Records for the exercise —
▬▬▬▬▬▬▬▬▬▬
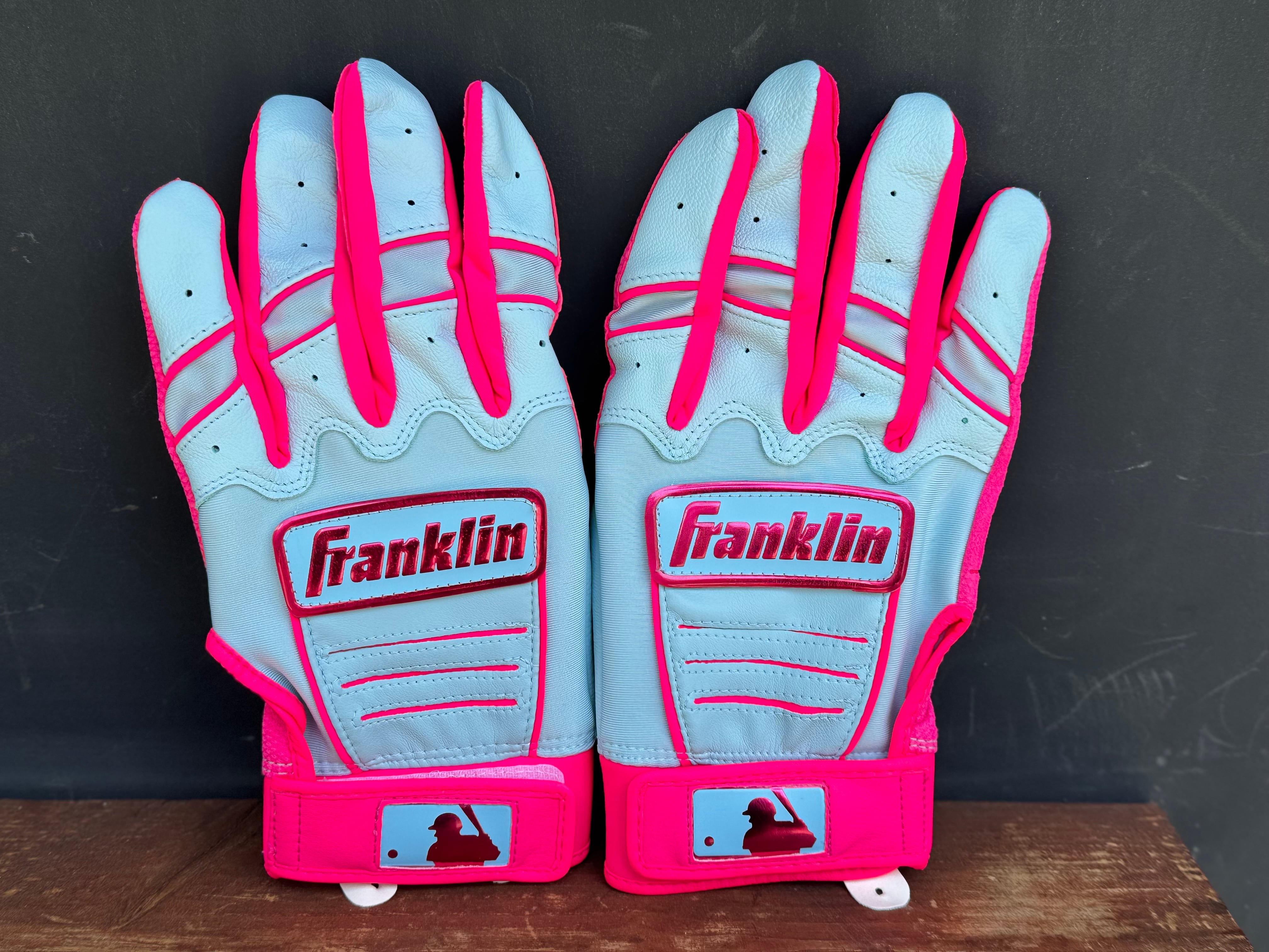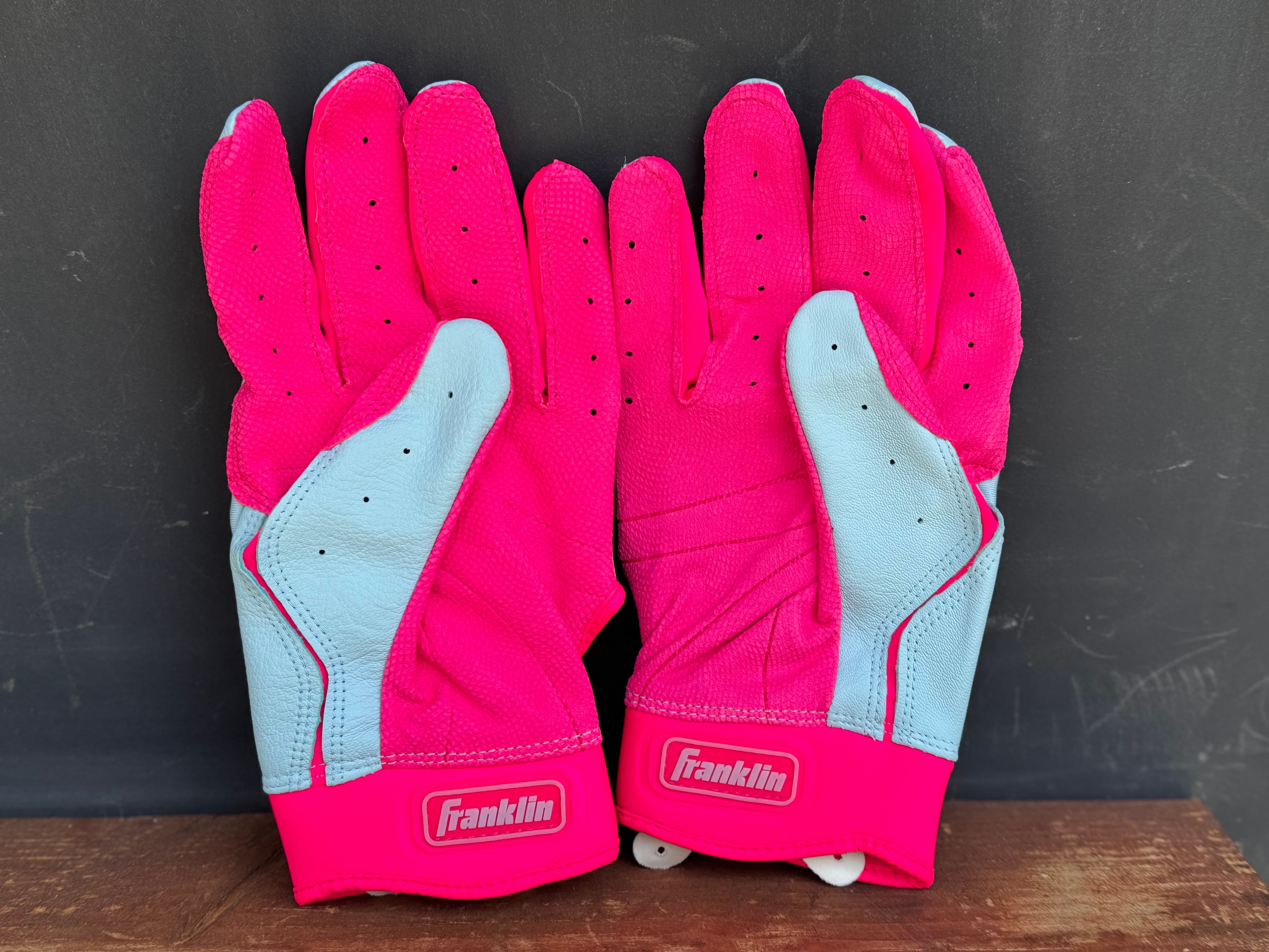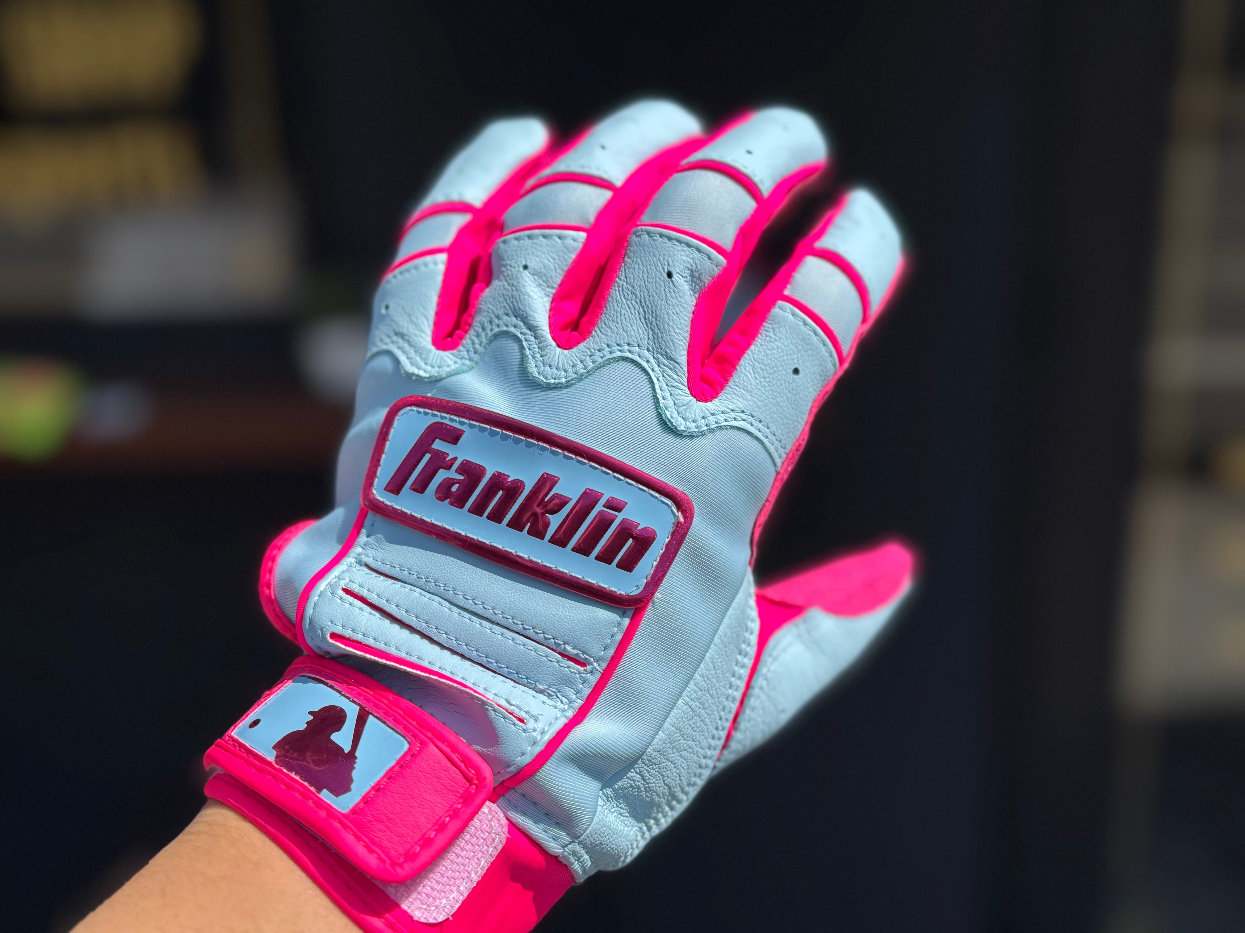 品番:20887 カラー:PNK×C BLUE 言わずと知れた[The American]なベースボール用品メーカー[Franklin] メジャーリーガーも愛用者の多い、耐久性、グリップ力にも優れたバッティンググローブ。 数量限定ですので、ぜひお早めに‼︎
▬▬▬▬▬▬▬▬▬▬
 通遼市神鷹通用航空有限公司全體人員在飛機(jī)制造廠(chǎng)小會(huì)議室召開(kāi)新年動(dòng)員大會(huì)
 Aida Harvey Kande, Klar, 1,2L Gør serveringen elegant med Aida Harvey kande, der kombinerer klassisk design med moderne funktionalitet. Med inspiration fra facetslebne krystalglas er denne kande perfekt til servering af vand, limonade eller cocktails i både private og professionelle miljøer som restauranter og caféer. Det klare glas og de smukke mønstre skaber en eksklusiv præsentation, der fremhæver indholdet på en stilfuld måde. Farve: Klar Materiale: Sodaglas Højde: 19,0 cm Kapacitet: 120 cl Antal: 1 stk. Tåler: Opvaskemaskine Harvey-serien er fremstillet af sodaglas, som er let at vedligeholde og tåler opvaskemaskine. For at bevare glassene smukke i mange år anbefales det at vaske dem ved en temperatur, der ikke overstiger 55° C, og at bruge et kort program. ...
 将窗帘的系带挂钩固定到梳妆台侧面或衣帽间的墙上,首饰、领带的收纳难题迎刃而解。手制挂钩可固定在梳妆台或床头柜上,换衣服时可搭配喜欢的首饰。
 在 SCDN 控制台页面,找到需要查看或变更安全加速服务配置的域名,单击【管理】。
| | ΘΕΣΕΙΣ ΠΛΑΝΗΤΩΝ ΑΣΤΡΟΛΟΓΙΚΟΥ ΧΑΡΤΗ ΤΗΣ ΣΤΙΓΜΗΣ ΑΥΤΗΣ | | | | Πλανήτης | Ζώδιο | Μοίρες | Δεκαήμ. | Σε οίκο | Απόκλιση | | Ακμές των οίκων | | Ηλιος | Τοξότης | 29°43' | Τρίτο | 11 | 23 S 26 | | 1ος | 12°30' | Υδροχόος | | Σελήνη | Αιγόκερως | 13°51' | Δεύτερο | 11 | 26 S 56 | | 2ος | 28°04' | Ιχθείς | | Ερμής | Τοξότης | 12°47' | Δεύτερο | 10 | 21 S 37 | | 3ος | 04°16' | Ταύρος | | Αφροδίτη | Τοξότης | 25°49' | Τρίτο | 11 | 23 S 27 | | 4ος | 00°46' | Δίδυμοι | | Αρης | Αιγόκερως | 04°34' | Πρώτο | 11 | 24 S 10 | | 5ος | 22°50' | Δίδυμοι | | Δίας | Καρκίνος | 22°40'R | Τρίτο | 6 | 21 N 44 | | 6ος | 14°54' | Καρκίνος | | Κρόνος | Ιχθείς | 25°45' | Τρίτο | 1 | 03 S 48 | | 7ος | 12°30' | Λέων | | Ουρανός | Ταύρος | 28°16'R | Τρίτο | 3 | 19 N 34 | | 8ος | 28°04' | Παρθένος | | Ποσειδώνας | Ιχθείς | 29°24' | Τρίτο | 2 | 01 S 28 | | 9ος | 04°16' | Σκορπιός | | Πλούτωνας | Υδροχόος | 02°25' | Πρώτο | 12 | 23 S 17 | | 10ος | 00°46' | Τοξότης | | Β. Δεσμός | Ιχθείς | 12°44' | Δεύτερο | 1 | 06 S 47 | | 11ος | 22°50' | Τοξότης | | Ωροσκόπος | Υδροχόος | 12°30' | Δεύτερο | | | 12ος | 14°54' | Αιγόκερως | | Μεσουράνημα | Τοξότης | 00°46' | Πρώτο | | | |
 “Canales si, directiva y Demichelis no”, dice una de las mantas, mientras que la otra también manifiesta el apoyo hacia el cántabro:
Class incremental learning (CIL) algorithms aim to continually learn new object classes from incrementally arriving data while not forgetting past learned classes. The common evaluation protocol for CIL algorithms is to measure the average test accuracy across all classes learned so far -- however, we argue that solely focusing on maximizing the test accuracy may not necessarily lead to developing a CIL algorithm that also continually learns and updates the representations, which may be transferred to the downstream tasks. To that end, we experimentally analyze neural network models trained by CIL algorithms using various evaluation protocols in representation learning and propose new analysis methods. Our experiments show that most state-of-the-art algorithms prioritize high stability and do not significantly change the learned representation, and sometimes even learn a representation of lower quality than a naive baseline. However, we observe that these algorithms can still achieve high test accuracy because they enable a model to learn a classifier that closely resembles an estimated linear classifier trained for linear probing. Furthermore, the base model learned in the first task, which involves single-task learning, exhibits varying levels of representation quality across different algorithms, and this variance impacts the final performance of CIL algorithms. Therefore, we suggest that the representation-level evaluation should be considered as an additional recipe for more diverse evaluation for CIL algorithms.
▬▬▬▬▬▬▬▬▬▬
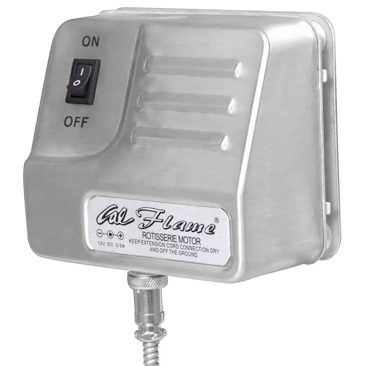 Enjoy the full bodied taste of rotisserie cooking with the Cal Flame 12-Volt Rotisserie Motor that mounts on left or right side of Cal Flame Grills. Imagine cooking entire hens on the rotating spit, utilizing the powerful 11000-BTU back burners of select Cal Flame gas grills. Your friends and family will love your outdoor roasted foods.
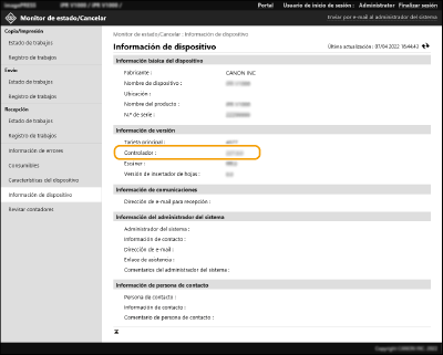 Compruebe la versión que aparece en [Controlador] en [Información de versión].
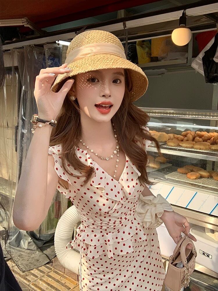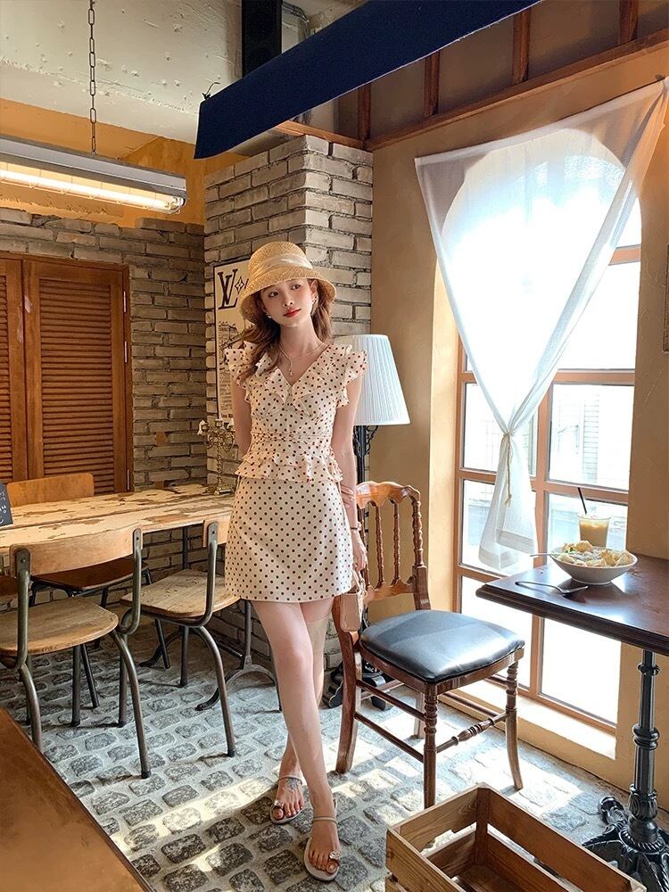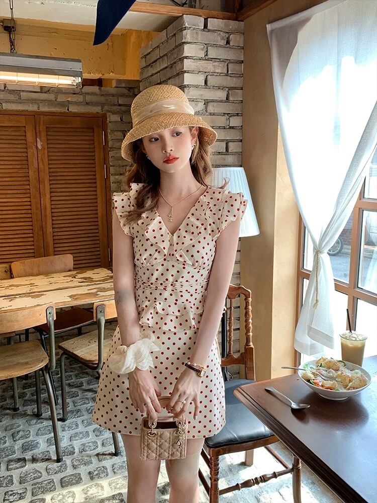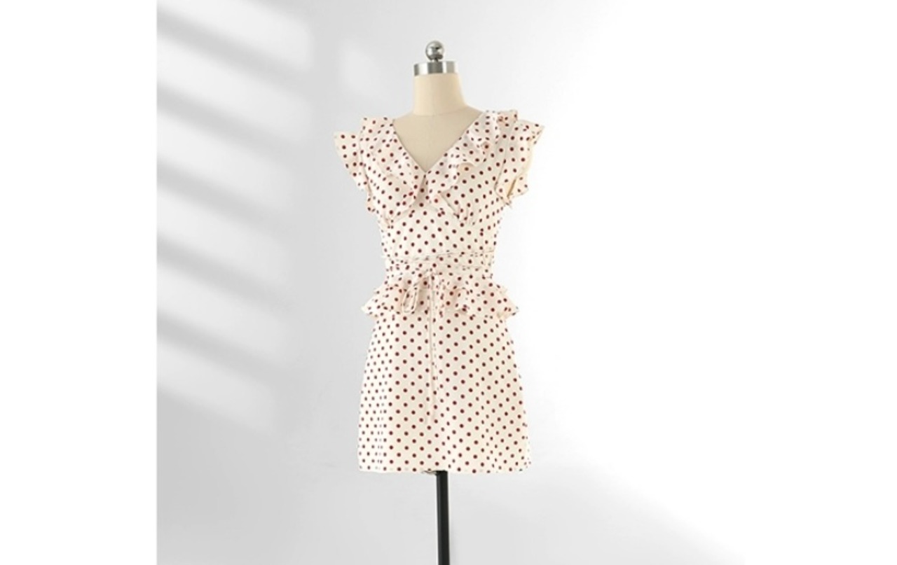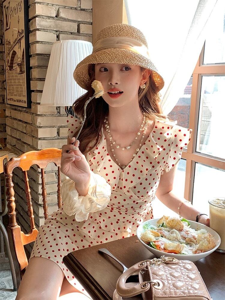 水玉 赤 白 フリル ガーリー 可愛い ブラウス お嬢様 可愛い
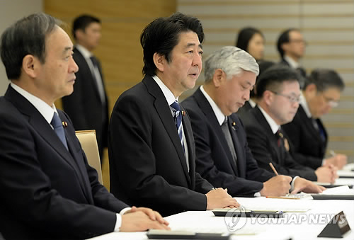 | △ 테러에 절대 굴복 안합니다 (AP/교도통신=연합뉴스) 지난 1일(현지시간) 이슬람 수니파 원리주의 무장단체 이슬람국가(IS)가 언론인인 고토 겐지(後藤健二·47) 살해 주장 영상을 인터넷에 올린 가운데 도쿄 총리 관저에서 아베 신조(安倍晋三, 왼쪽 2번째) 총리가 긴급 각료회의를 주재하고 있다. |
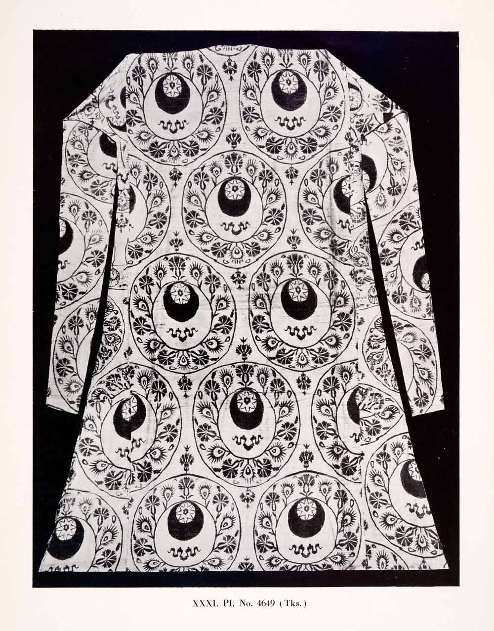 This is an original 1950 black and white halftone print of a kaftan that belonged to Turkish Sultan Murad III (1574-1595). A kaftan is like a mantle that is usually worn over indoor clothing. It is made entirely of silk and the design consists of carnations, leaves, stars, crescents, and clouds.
▬▬▬▬▬▬▬▬▬▬
Prompt —
Look above for the line with "Enjoy the full" and the line with "This is an original", then restate exactly those two lines and all lines between them, with no pictures.

Answer to this task —
 Enjoy the full bodied taste of rotisserie cooking with the Cal Flame 12-Volt Rotisserie Motor that mounts on left or right side of Cal Flame Grills. Imagine cooking entire hens on the rotating spit, utilizing the powerful 11000-BTU back burners of select Cal Flame gas grills. Your friends and family will love your outdoor roasted foods.
 Compruebe la versión que aparece en [Controlador] en [Información de versión].
 水玉 赤 白 フリル ガーリー 可愛い ブラウス お嬢様 可愛い
 | △ 테러에 절대 굴복 안합니다 (AP/교도통신=연합뉴스) 지난 1일(현지시간) 이슬람 수니파 원리주의 무장단체 이슬람국가(IS)가 언론인인 고토 겐지(後藤健二·47) 살해 주장 영상을 인터넷에 올린 가운데 도쿄 총리 관저에서 아베 신조(安倍晋三, 왼쪽 2번째) 총리가 긴급 각료회의를 주재하고 있다. |
 This is an original 1950 black and white halftone print of a kaftan that belonged to Turkish Sultan Murad III (1574-1595). A kaftan is like a mantle that is usually worn over indoor clothing. It is made entirely of silk and the design consists of carnations, leaves, stars, crescents, and clouds.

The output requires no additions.